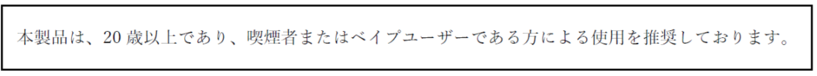 BATグループでは、たばこ製品のマーケティングを適切に実施するために国際的な自主規準を設定しています。そのためベイプ製品に関しても、弊社としては、責任あるマーケティング活動の精神に則り、本製品は20歳以上であり、喫煙者またはベイプユーザーである方による使用を推奨しております。記事掲載していただく際には、「注意文言」が表示されるようご配慮いただきたく存じます。 ご協力の程、何卒よろしくお願い申し上げます。
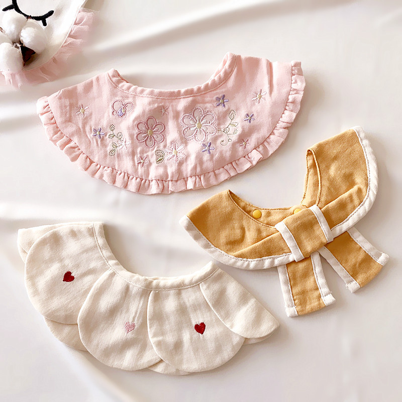 Тонкое марлевое слюнявчик для малышей в корейском стиле, детский нагрудник из чистого хлопка, мягкий слюнявчик с лепестками, милый для весны и лета
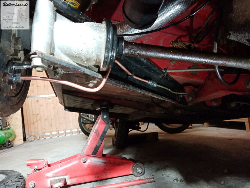 Hinten links gab es dann aber doch Schwierigkeiten. Denn anders als auf der rechten Seite war hier alles ziemlich zusammengerostet. Radbremszylinder und Bremsleitung waren derart fest, dass ich sie am Fahrzeug nicht trennen konnte.
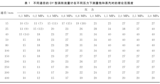 渦(wo)街流量計具有範(fàn)圍度寬的特點。在(zai)用于測量蒸汽流(liu)量時,一些制造廠(chang)商宣傳的範圍度(du)可以做到40倍.但對(duì)其所提供的資料(liao)進行具體分析時(shí),也隻有一部分中(zhōng)小通徑的儀表,在(zai)流體壓力較高時(shí),理論範圍度能夠(gòu)達到40倍0],而作爲關(guān)口蒸汽計量使用(yòng)的大通徑儀表,範(fan)圍度要小得多。例(lì)如DY300型DN300渦街流量計(jì),在用來測量表壓(ya)爲p=1.0MPa的飽和蒸汽時(shi).理論範圍度爲24倍(bèi)。不同通徑的DY型渦(wo)街流量計,在不同(tóng)壓力條件下測量(liàng)飽和蒸汽時的理(li)論範圍度見表1所(suǒ)列。
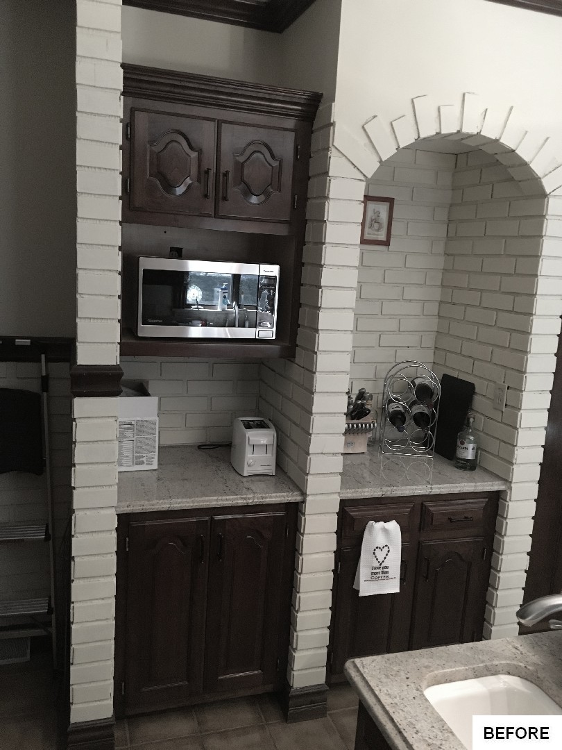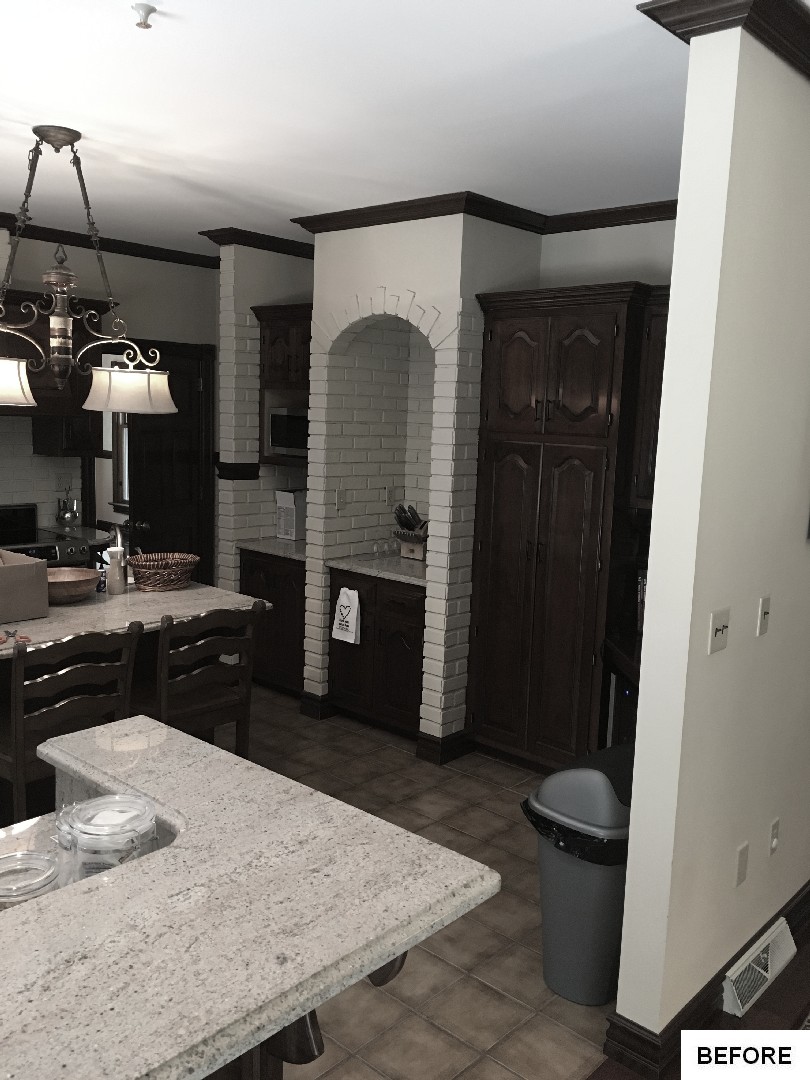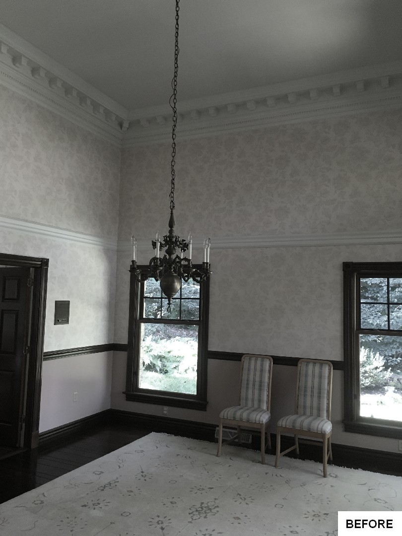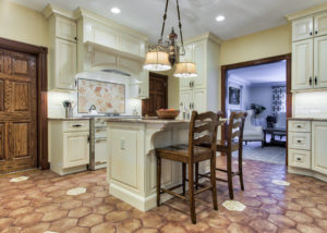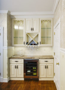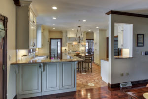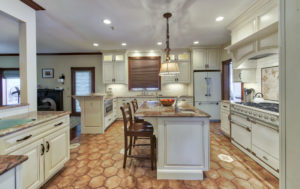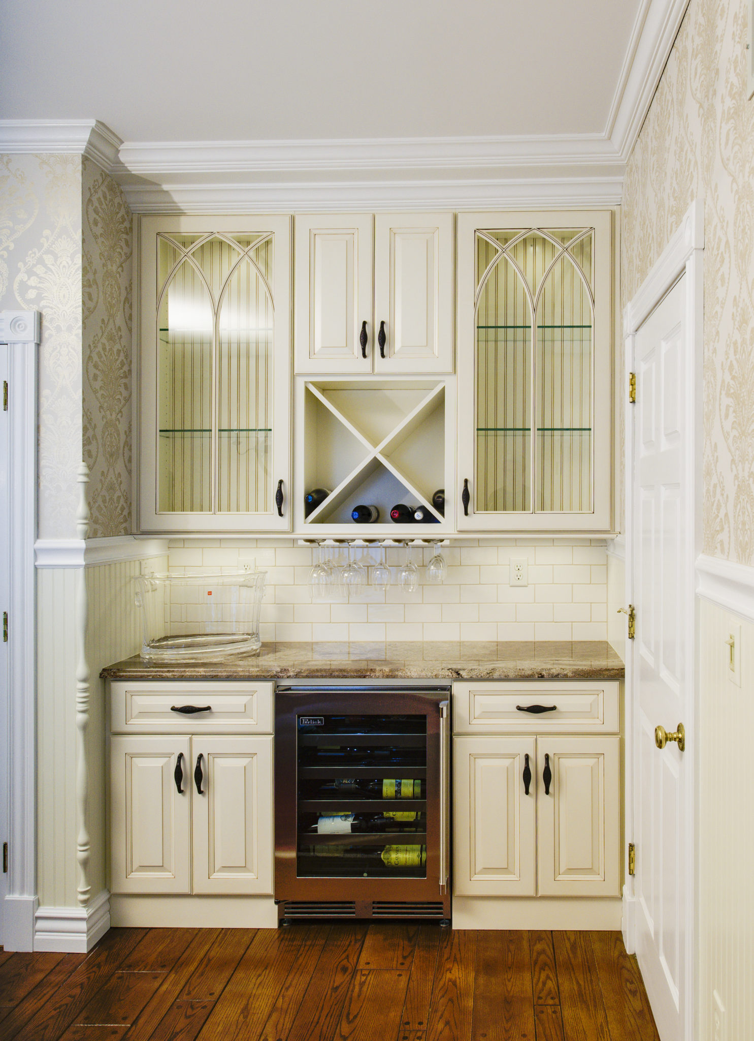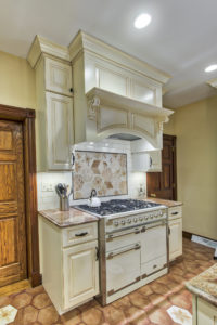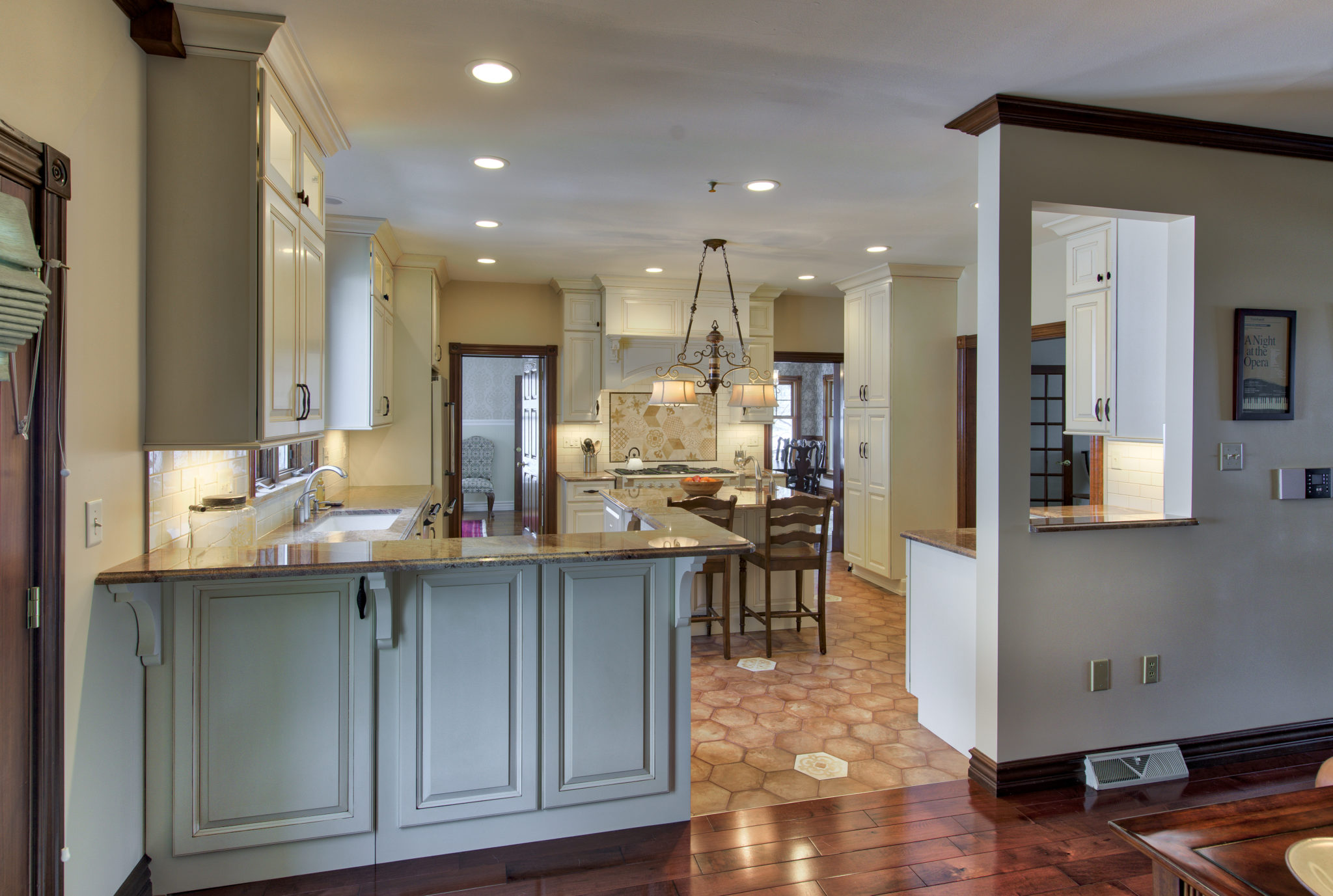 This kitchen and dining area makeover replaced dark, formal cabinetry with antiqued white cabinetry and many more amenities, including a new butler area with built in wine storage and chiller. A tiled feature above the gourmet stove serves as the focal point to the kitchen, pulling in the shape of the floor tiles and copper colors of the floor and granite countertops throughout. In addition to the added butler area in the dining space, new hardwood flooring, wallpaper, and moldings were added to create a grand new dining space that perfectly complements the new gourmet kitchen.
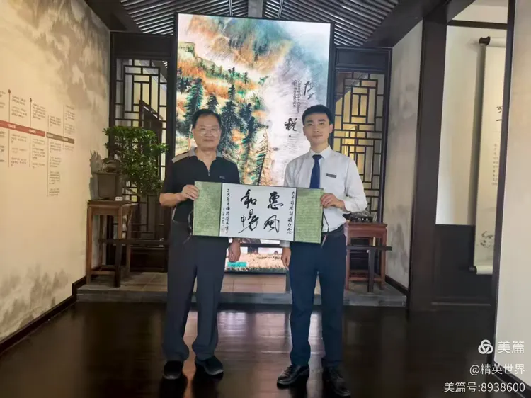 参访尾声,情之所至。在故居管理馆长的诚挚邀请下,蔡俊章先生欣然提笔,在案前挥毫。他凝神聚气,以遒劲有力的笔法,饱含深情,写下“惠风和畅”四个酣畅淋漓的大字。这不仅是对当日宜人天气的应景描绘,更是对两岸文化艺术交流如沐春风般和谐顺畅的美好期许与象征。这幅凝聚着敬意与情谊的墨宝,被郑重赠予馆方永久珍藏,成为此次寻根之旅最珍贵的见证。
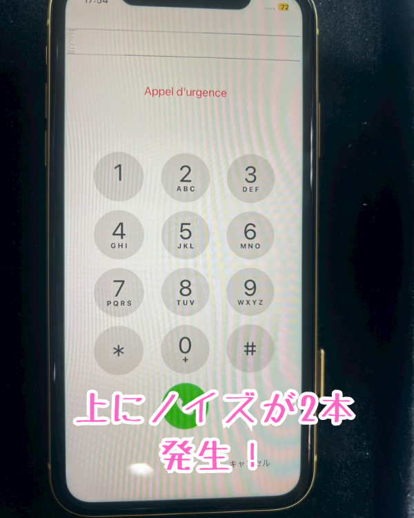 今回お持ち込みいただいたのは、iPhone11の液晶ノイズ不良です。
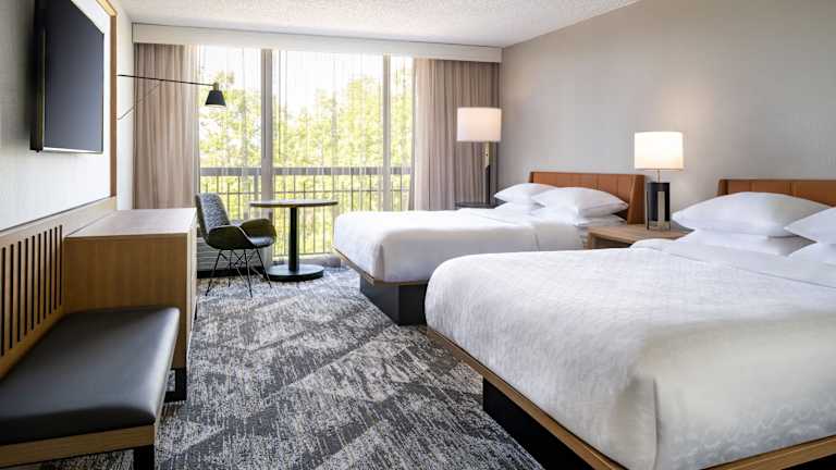 Die 390 Zimmer des Sheraton Orlando North bieten geräumige Unterkünfte auf 6 Etagen. Jedes Zimmer verfügt über Annehmlichkeiten wie einen 55-Zoll-Smart-TV, eine Kaffeemaschine, einen Schreibtisch und ein eigenes Bad. Die neu renovierten Zimmer bieten zudem raumhohe Fenster und einen Balkon, auf dem Sie den Tag beginnen können.
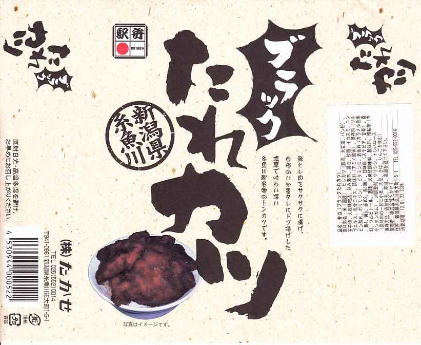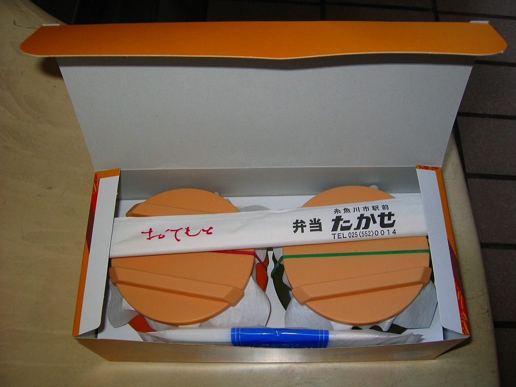 「駅弁図鑑 西日本版」によると2012(平成24)年2月23日の発売。ということは、京王百貨店の駅弁大会での輸送販売は先行販売か。いずれにせよ、糸魚川駅では今世紀あるいは平成に入って初めての新作駅弁ではないかと思う。真っ黒な長方形の容器に透明なふたをして、商品名の黒書きや中身のイメージ写真などを印刷した掛紙を巻く。

Task to carry out => Transcribe all of the records exactly, without reproducing their pictures.

Answer section =>
 BATグループでは、たばこ製品のマーケティングを適切に実施するために国際的な自主規準を設定しています。そのためベイプ製品に関しても、弊社としては、責任あるマーケティング活動の精神に則り、本製品は20歳以上であり、喫煙者またはベイプユーザーである方による使用を推奨しております。記事掲載していただく際には、「注意文言」が表示されるようご配慮いただきたく存じます。 ご協力の程、何卒よろしくお願い申し上げます。
 Тонкое марлевое слюнявчик для малышей в корейском стиле, детский нагрудник из чистого хлопка, мягкий слюнявчик с лепестками, милый для весны и лета
 Hinten links gab es dann aber doch Schwierigkeiten. Denn anders als auf der rechten Seite war hier alles ziemlich zusammengerostet. Radbremszylinder und Bremsleitung waren derart fest, dass ich sie am Fahrzeug nicht trennen konnte.
 渦(wo)街流量計具有範(fàn)圍度寬的特點。在(zai)用于測量蒸汽流(liu)量時,一些制造廠(chang)商宣傳的範圍度(du)可以做到40倍.但對(duì)其所提供的資料(liao)進行具體分析時(shí),也隻有一部分中(zhōng)小通徑的儀表,在(zai)流體壓力較高時(shí),理論範圍度能夠(gòu)達到40倍0],而作爲關(guān)口蒸汽計量使用(yòng)的大通徑儀表,範(fan)圍度要小得多。例(lì)如DY300型DN300渦街流量計(jì),在用來測量表壓(ya)爲p=1.0MPa的飽和蒸汽時(shi).理論範圍度爲24倍(bèi)。不同通徑的DY型渦(wo)街流量計,在不同(tóng)壓力條件下測量(liàng)飽和蒸汽時的理(li)論範圍度見表1所(suǒ)列。
 This kitchen and dining area makeover replaced dark, formal cabinetry with antiqued white cabinetry and many more amenities, including a new butler area with built in wine storage and chiller. A tiled feature above the gourmet stove serves as the focal point to the kitchen, pulling in the shape of the floor tiles and copper colors of the floor and granite countertops throughout. In addition to the added butler area in the dining space, new hardwood flooring, wallpaper, and moldings were added to create a grand new dining space that perfectly complements the new gourmet kitchen.
 参访尾声,情之所至。在故居管理馆长的诚挚邀请下,蔡俊章先生欣然提笔,在案前挥毫。他凝神聚气,以遒劲有力的笔法,饱含深情,写下“惠风和畅”四个酣畅淋漓的大字。这不仅是对当日宜人天气的应景描绘,更是对两岸文化艺术交流如沐春风般和谐顺畅的美好期许与象征。这幅凝聚着敬意与情谊的墨宝,被郑重赠予馆方永久珍藏,成为此次寻根之旅最珍贵的见证。
 今回お持ち込みいただいたのは、iPhone11の液晶ノイズ不良です。
 Die 390 Zimmer des Sheraton Orlando North bieten geräumige Unterkünfte auf 6 Etagen. Jedes Zimmer verfügt über Annehmlichkeiten wie einen 55-Zoll-Smart-TV, eine Kaffeemaschine, einen Schreibtisch und ein eigenes Bad. Die neu renovierten Zimmer bieten zudem raumhohe Fenster und einen Balkon, auf dem Sie den Tag beginnen können.
 「駅弁図鑑 西日本版」によると2012(平成24)年2月23日の発売。ということは、京王百貨店の駅弁大会での輸送販売は先行販売か。いずれにせよ、糸魚川駅では今世紀あるいは平成に入って初めての新作駅弁ではないかと思う。真っ黒な長方形の容器に透明なふたをして、商品名の黒書きや中身のイメージ写真などを印刷した掛紙を巻く。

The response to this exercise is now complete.